— Assignment —
Could you print, exactly and without pictures, only the lines from the one with "不管你是先買新屋後賣舊屋 還是 先賣舊屋後買新屋" through the end of the records below?

(Stored items from a collection)
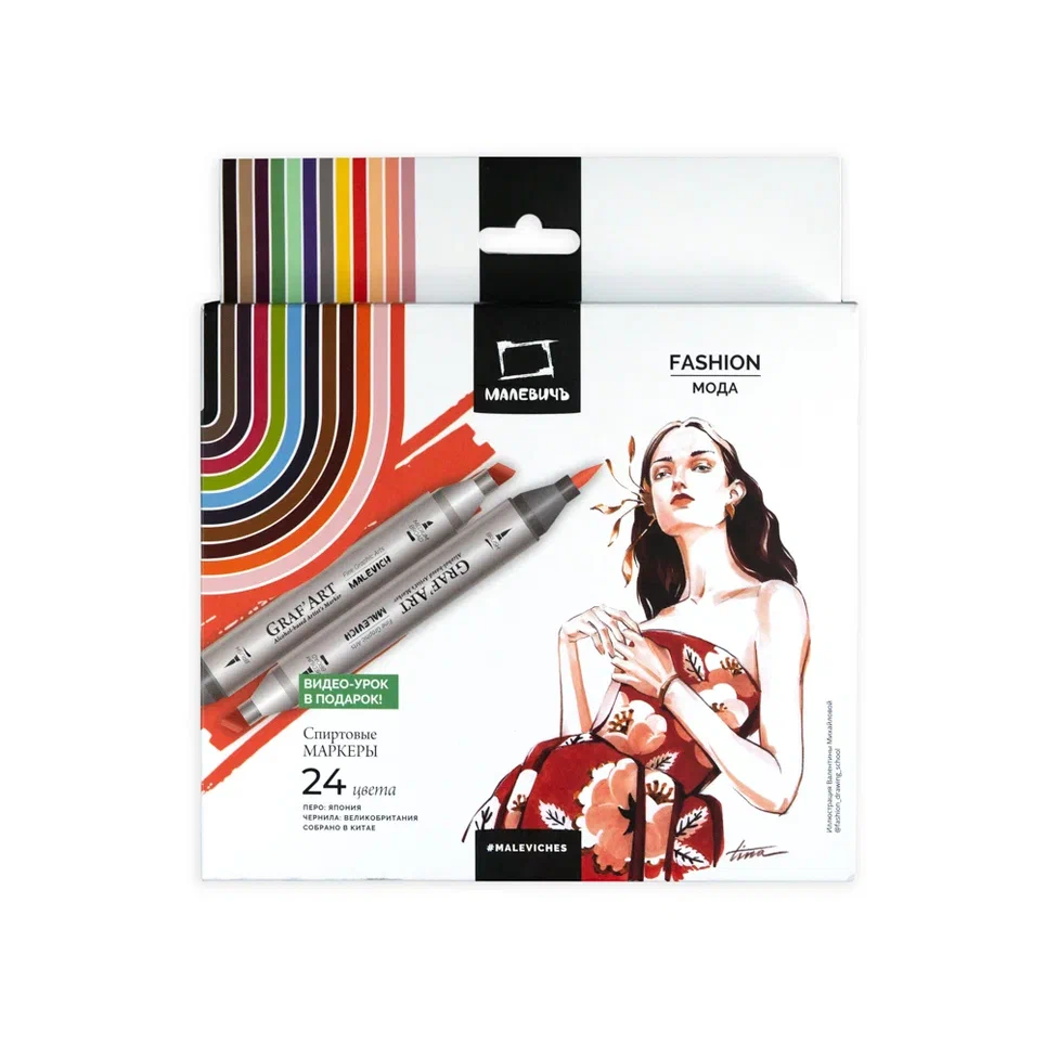 Набор спиртовых маркеров Малевичъ Brush, Мода 24 цв.
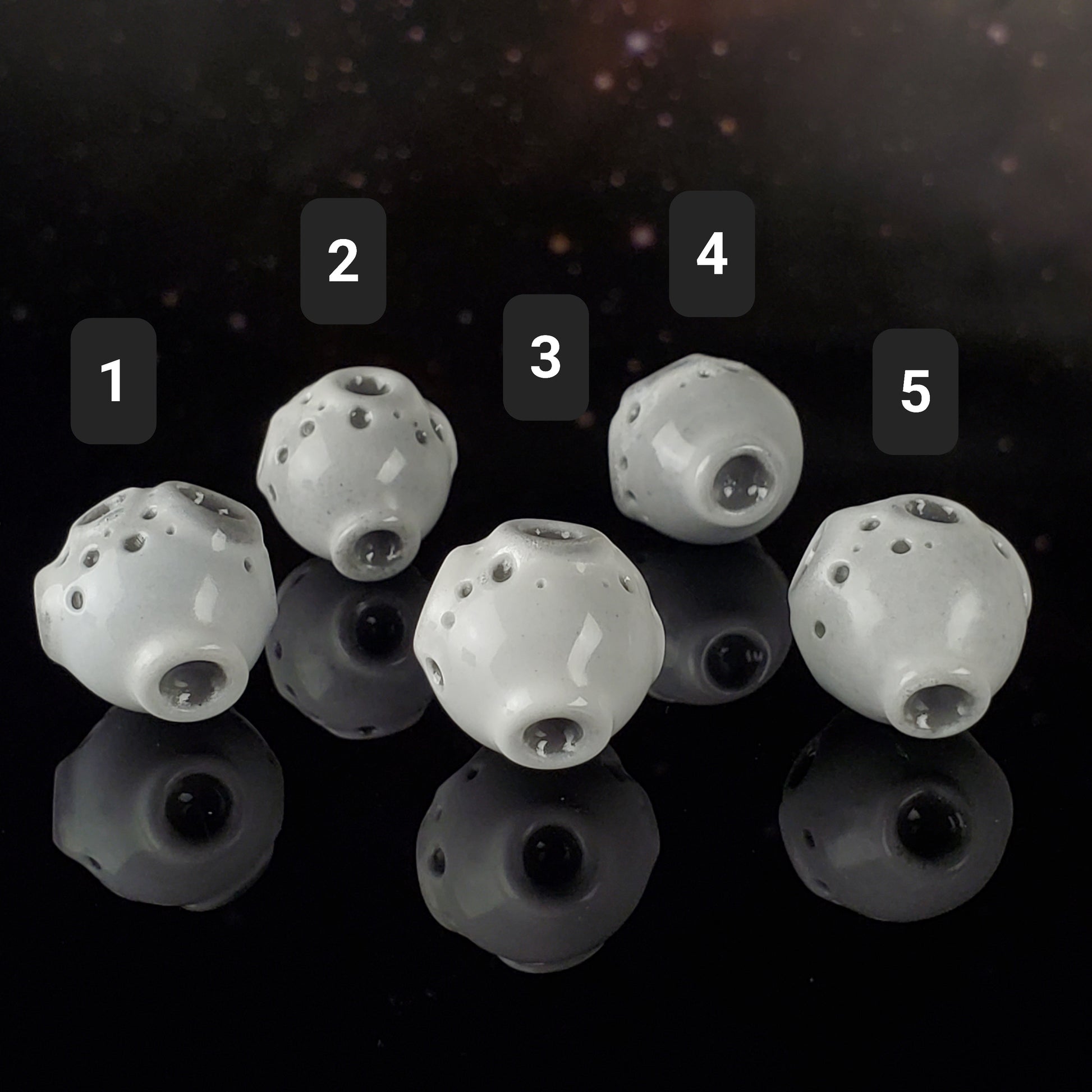 These handcrafted, glass moon rocks work perfectly as slerper caps.
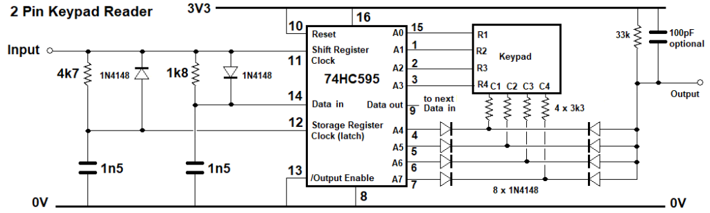 The fixed width font of a code box untangles the mess. That looks interesting so will have a go at reading it with MMBasic. It looks like you set the pin as an output to charge the capacitor then switch the pin to input and measure how long it takes to discharge. ┌────────────┐ The keypad that I tested with has an 8-pin header: │ 1 2 3 A │─┳──────┐ 1 - row 2 (4,5,6,B) │ │ 30K │ 2 - row 3 (7,8,9,C) │ 4 5 6 B │─┫ ⏚ 3 - column 1 (1,4,7,*) │ │ 30K 4 - row 4 (*,0,#,D) │ 7 8 9 C │─┫ 5 - column 2 (2,5,8,0) │ │ 30K 6 - column 3 (3,6,9,#) │ * 0 # D │─┫ 7 - column 4 (A,B,C,D) └────────────┘ 30K 8 - row 1 (1,2,3,A) │ ┣┻┻┻────┘ 7.5K ┣─────────────────── I/O pin 1000pF As I mentioned to Mick I have a heap of 74HC595s left over from a project years ago so they are effectively free. They must be good for something! :) Edited 2026-02-19 07:05 by phil99 |
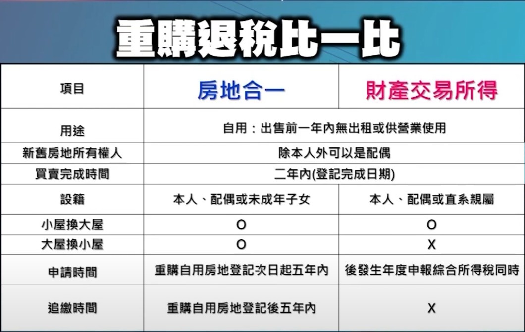 不管你是先買新屋後賣舊屋 還是 先賣舊屋後買新屋 ,都要在兩年內完成買賣流程(已登記日為主),再來你要申請重購退稅用你自用的那間要去辦理時記得! 5年內要去辦理喔,再來 政府依照流程都退給你稅款了,你如果5年內又把自用這間賣掉!那不好意思,錢還來!!!給政府!!!,所以阿再怎樣不想把錢還回去都要撐到6年之後就不會有這種問題了。
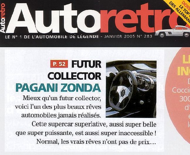 La revue de référence Automobiles Classiques avait remarqué la Zonda Monza exposée par AUTODROME en exclusivité.
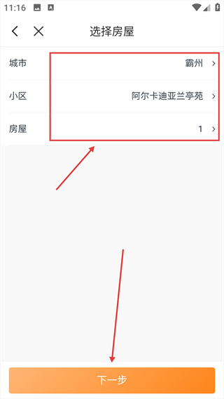 3、依次选择对应的城市、小区、房屋信息后,点击底部【下一步】按钮。
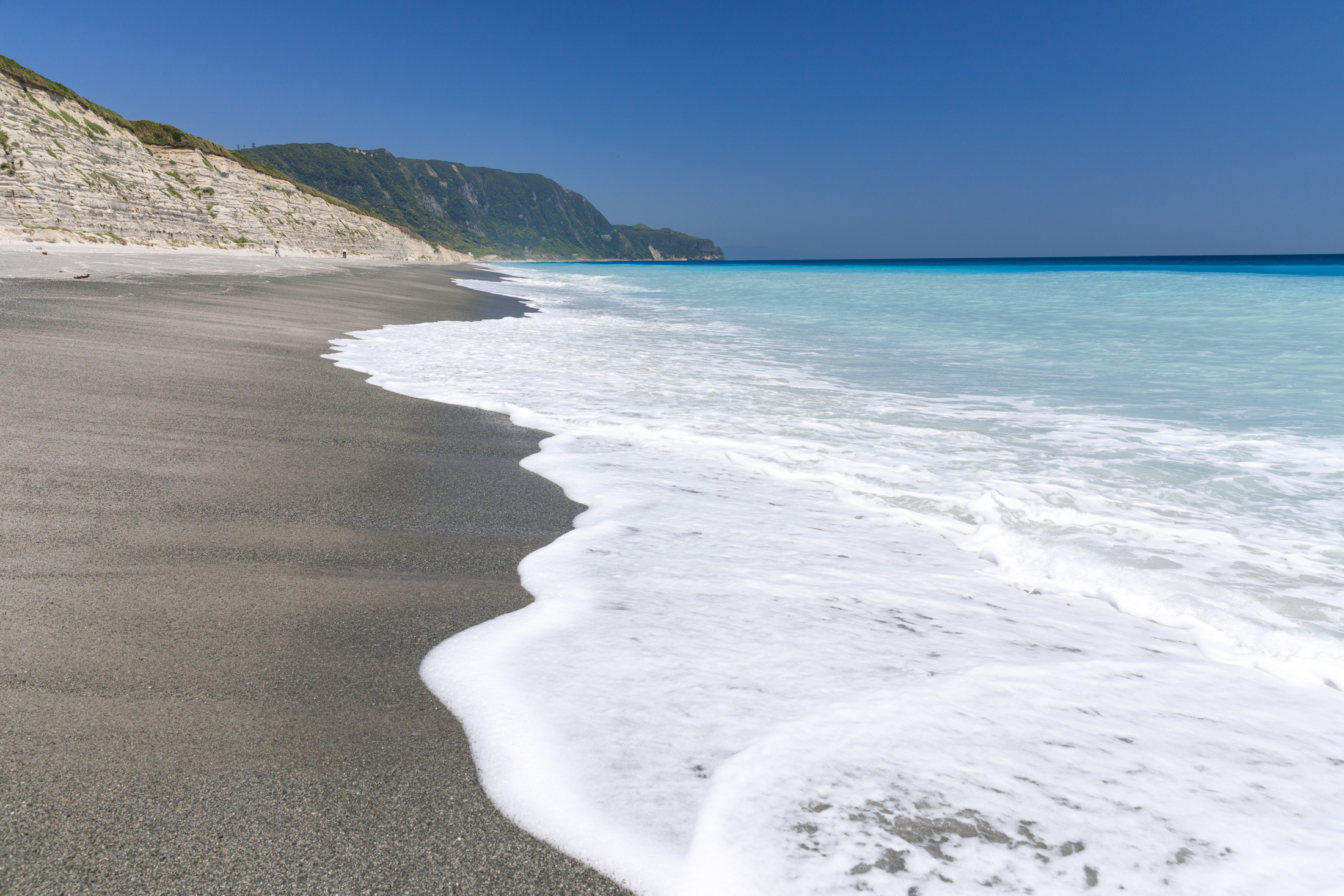 Majestic White Cliffs overlooking turquoise ocean and sandy beach in Niijima.

— Solution —
 不管你是先買新屋後賣舊屋 還是 先賣舊屋後買新屋 ,都要在兩年內完成買賣流程(已登記日為主),再來你要申請重購退稅用你自用的那間要去辦理時記得! 5年內要去辦理喔,再來 政府依照流程都退給你稅款了,你如果5年內又把自用這間賣掉!那不好意思,錢還來!!!給政府!!!,所以阿再怎樣不想把錢還回去都要撐到6年之後就不會有這種問題了。
 La revue de référence Automobiles Classiques avait remarqué la Zonda Monza exposée par AUTODROME en exclusivité.
 3、依次选择对应的城市、小区、房屋信息后,点击底部【下一步】按钮。
 Majestic White Cliffs overlooking turquoise ocean and sandy beach in Niijima.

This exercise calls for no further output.